Bu filmdeyse, dostlukları çocukluk yıllarına dayanan 4 arkadaş, Jone, Maria, Lukas ve Xabi zamanla birbirlerinden uzaklaşsa da kopmamışlardır. Ekibin çapkın ismi Xabi, iş için Bilboa’dan Barcelona’ya taşınmıştır ve birkaç yıldır arkadaşlarıyla görüşmemiştir. Bu arada Maria’nın kalbinde ciddi bir rahatsızlık ortaya çıkmıştır. Kalp kasında oluşan bir hasar sonucu kalp yetmezliği vardır ve modern tıbbın tüm çözümlerine rağmen en fazla birkaç haftalık ömrü kalmıştır. Haberi alan Xabi apar topar hastaneye gelir ve yıllardır Maria’nın kendisinden sakladığı sırrı Jone’den öğrenir. Maria Xabi’ye tanıştıkları günden beri hep aşıktır ama arkadaşlıkları bozulmasın diye itiraftan her zaman kaçmıştır ve şimdi ölmek üzeredir. Xabi hasta yatağında onu son günlerinde mutlu etmek için kendisinin de ona eskiden beri aşık olduğu yalanını söyler. Ama doğuracağı sonuçları hiç hesaplamadan söylediği bu masum yalan Maria’nın iyileşmesini sağlar! Şimdi Maria’nın hayatı bir anlamda Xabi’nin elindedir…

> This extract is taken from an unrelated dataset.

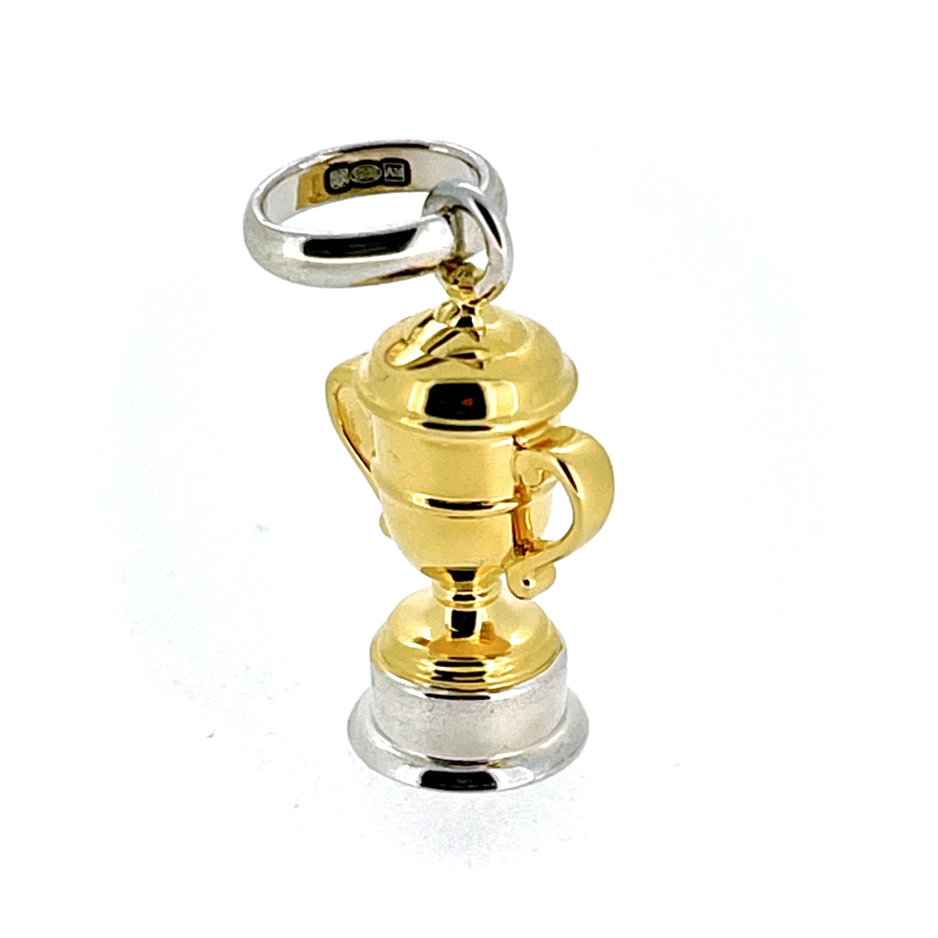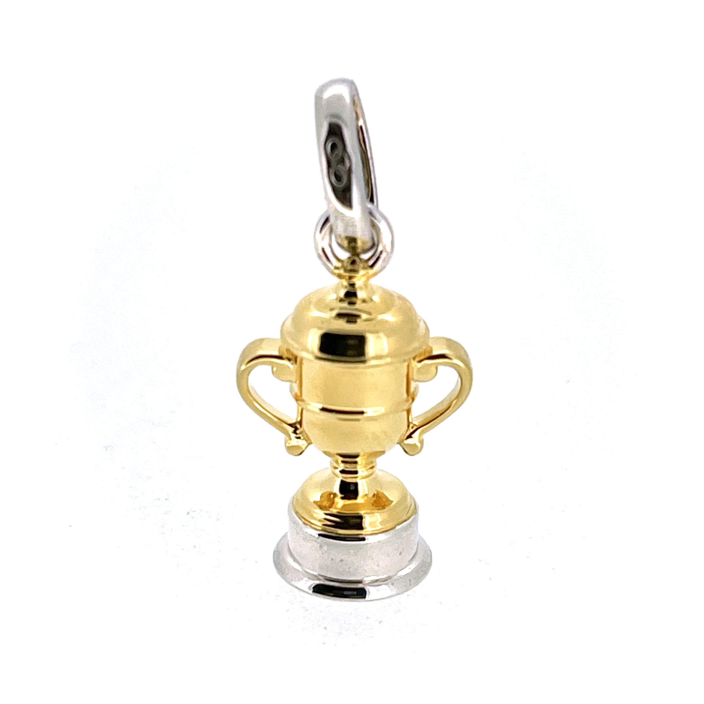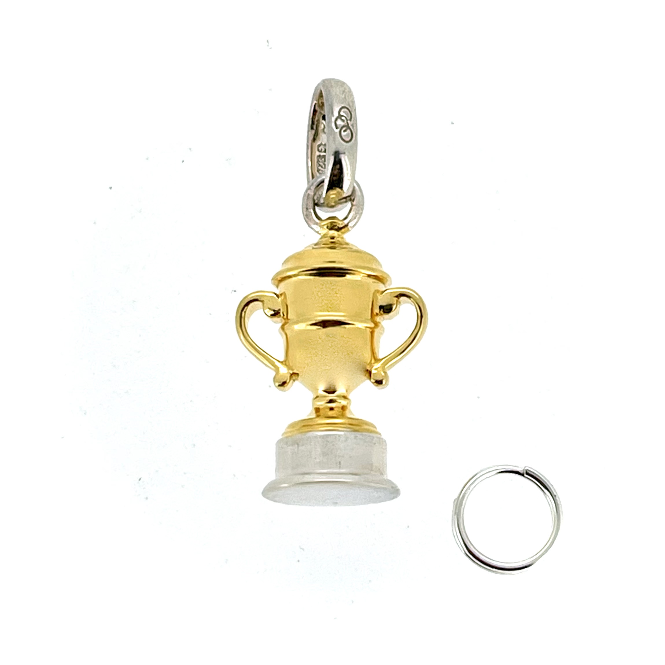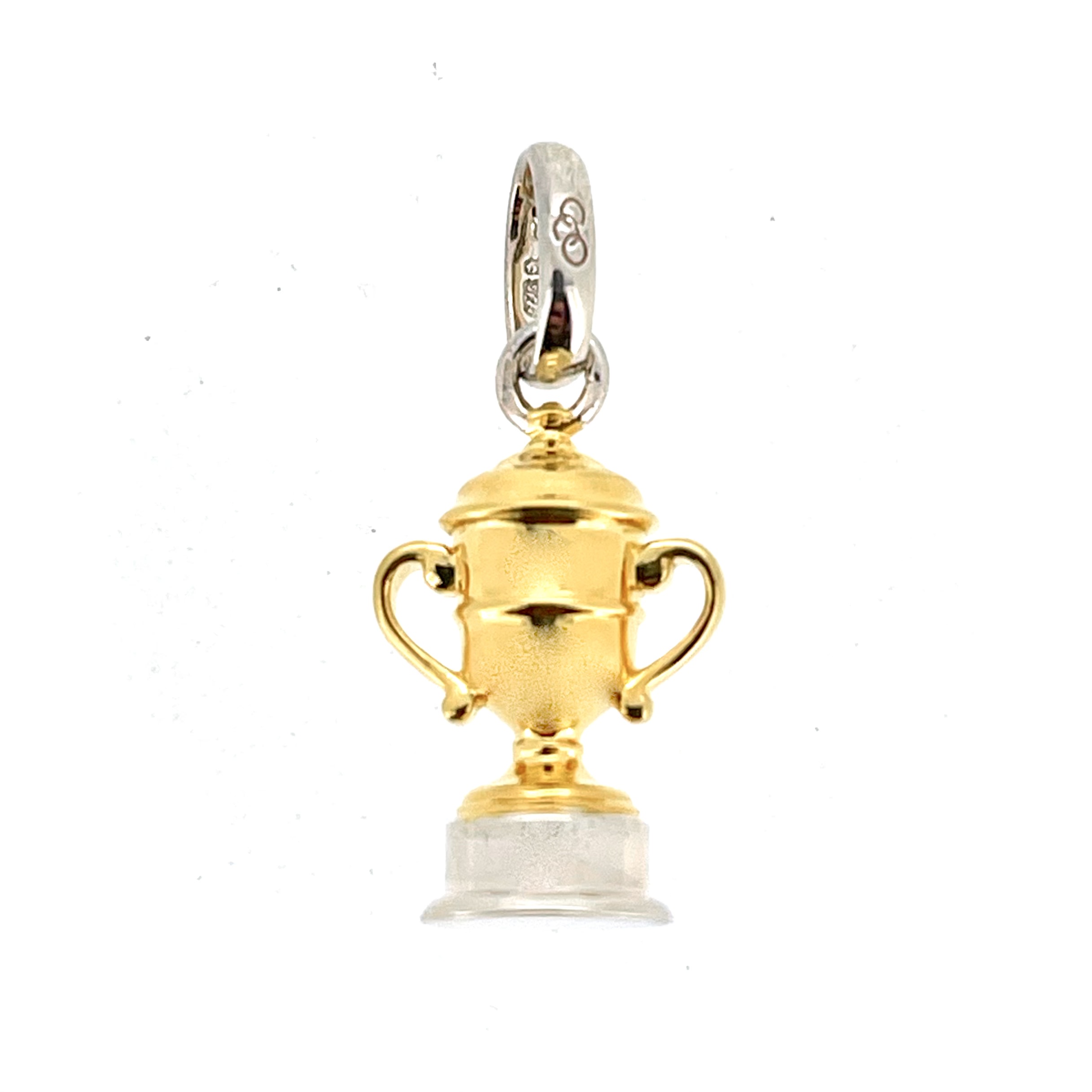 The trophy cup itself is finished in bright gold vermeil, contrasted by a solid sterling silver base and bail. This two-tone design adds depth and versatility, making it a sophisticated addition to any necklace or charm bracelet.

Hikayenin gerisi yalanların yeni yalanlar doğurması, pinpon topu gibi Barcelona-Bilboa arasında, yani hasta sevgilisi ile hamile sevgilisi arasında gidip gelen Xabi’nin durumu idare etmeye çalışırken kendi duygularının da değişmesi üzerinden ilerliyor. Bu arada arkadaş grubu arasındaki yanlış anlaşılmalar, ekibe bir şekilde dahil olan doktor Santi’nin gariplikleri filmin ara sıcak komedi sosları oluyor.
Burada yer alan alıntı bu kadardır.